Uma série de relatórios do Itamaraty e da Agência Brasileira de Inteligência (Abin), além de contatos diretos da embaixada no Paraguai com o Palácio do Planalto, apontava para o agravamento na crise no Paraguai e o risco de que o presidente Fernando Lugo perdesse o cargo – o que ocorreu em um processo de impeachment de 36 horas, concluído no dia 22 de junho. Nenhum desses levantamentos, porém, chegou às mãos da presidente.
Dilma foi informada do que acontecia no Paraguai quando estava no Rio de Janeiro, no dia 21 de junho, logo depois de os deputados paraguaios aprovarem a abertura do processo de impeachment. No dia anterior, tinha sido entregue ao ministro do Gabinete de Segurança Institucional, general José Elito, o segundo relatório especial de inteligência da Abin apontando que o processo seria aberto porque Lugo havia perdido o pouco apoio que lhe restava no Congresso paraguaio e, desta vez, dificilmente escaparia.
No dia 15 de junho, quando 11 sem-terra e seis policiais foram mortos em um conflito por desocupação de terras, a agência havia produzido outro relatório, também apontando para o agravamento da crise e a possibilidade de abertura de um processo político, desta vez com chances de prosperar. Durante a semana, as sínteses preparadas diariamente para serem entregues a Dilma também trataram majoritariamente do assunto.
Nenhum desses documentos foi visto pela presidente. Responsável por repassar os relatórios da Abin para sua chefe, a quem são originalmente destinados, o general Elito costuma editar ou ignorar os que considera ter informações desnecessárias e ler ele mesmo os que acredita serem importantes o suficiente para merecerem a atenção de Dilma.
Apesar de ser o responsável não apenas pela inteligência mas também pela segurança presidencial, o general tem pouco acesso à presidente: pouco é recebido, pouca atenção recebe e seus e-mails são eventualmente ignorados.
Assessores próximos da presidente confirmam que ela nunca recebeu nenhum documento da Abin tratando do Paraguai e foi informada apenas no Rio de Janeiro. Dilma embarcou para a reunião do G-20 no México em 17 de junho, dois dias depois das mortes no Paraguai que desencadearam o derradeiro processo de impeachment contra Lugo. Nesse ponto, Elito já tinha nas mãos o primeiro relatório da Abin. O general ficou no Brasil e não procurou a presidente durante o encontro no México.

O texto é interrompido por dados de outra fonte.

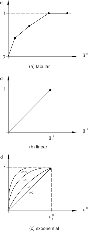 The evolution of the damage variable with the relative plastic displacement can be specified in tabular, linear, or exponential form. Instantaneous failure will occur if the plastic displacement at failure,

Envolvida com as negociações do G20 e também com a Rio +20, onde o chanceler Antonio Patriota negociava o acordo final da Conferência, Dilma também não teria tomado conhecimento das informações repassadas pelo Itamaraty. Nos dias que antecederam o processo político, o embaixador brasileiro em Assunção, Eduardo dos Santos, conversou diversas vezes com o assessor especial da Presidência, Marco Aurélio Garcia, por telefone. Também os relatórios sobre a crise preparados pela embaixada no Paraguai foram repassados pelo Itamaraty à assessoria especial. Aparentemente, essas informações não chegaram a Dilma. Nem mesmo no Palácio do Planalto há uma explicação para isso, já que Marco Aurélio viajou com a presidente para o México.
As informações coletadas pela Abin e pelo Itamaraty apontavam no mesmo caminho: apesar de ter enfrentado até aquele momento 23 processos políticos que não tiveram sucesso, a situação no Paraguai havia mudado e uma nova ação poderia prosperar. Depois das mortes no campo, quando Lugo mudou o comando do Ministério do Interior, a avaliação dos dois órgãos foi de que o então presidente tinha perdido o apoio político que lhe restara no Congresso e não teria votos para segurar um novo pedido de impeachment, o que realmente aconteceu. Lugo perdeu a votação na Câmara por 73 a 1. No Senado, onde foi definida a cassação, foi derrotado por 39 a 4.
Uma das teorias levantadas no Planalto para que os assessores da presidente não tenham se preocupado em informá-la do que acontecia foi o fato de que aquele foi o 24.º pedido de impeachment e, dado o fracasso dos anteriores, havia impressão de que seguiria o mesmo caminho.
Em resposta a várias perguntas enviadas pelo Estado, a Assessoria de Comunicação da Presidência respondeu, por e-mail, que a presidente "recebeu dos órgãos pertinentes informes regulares e tempestivos, tendo-se mantido atualizada em todos os seus desdobramentos e antecedente". A nota também informa que Dilma mantém contatos diários com Elito, mas não confirmou a existência de relatórios da Abin alegando serem de "natureza sigilosa".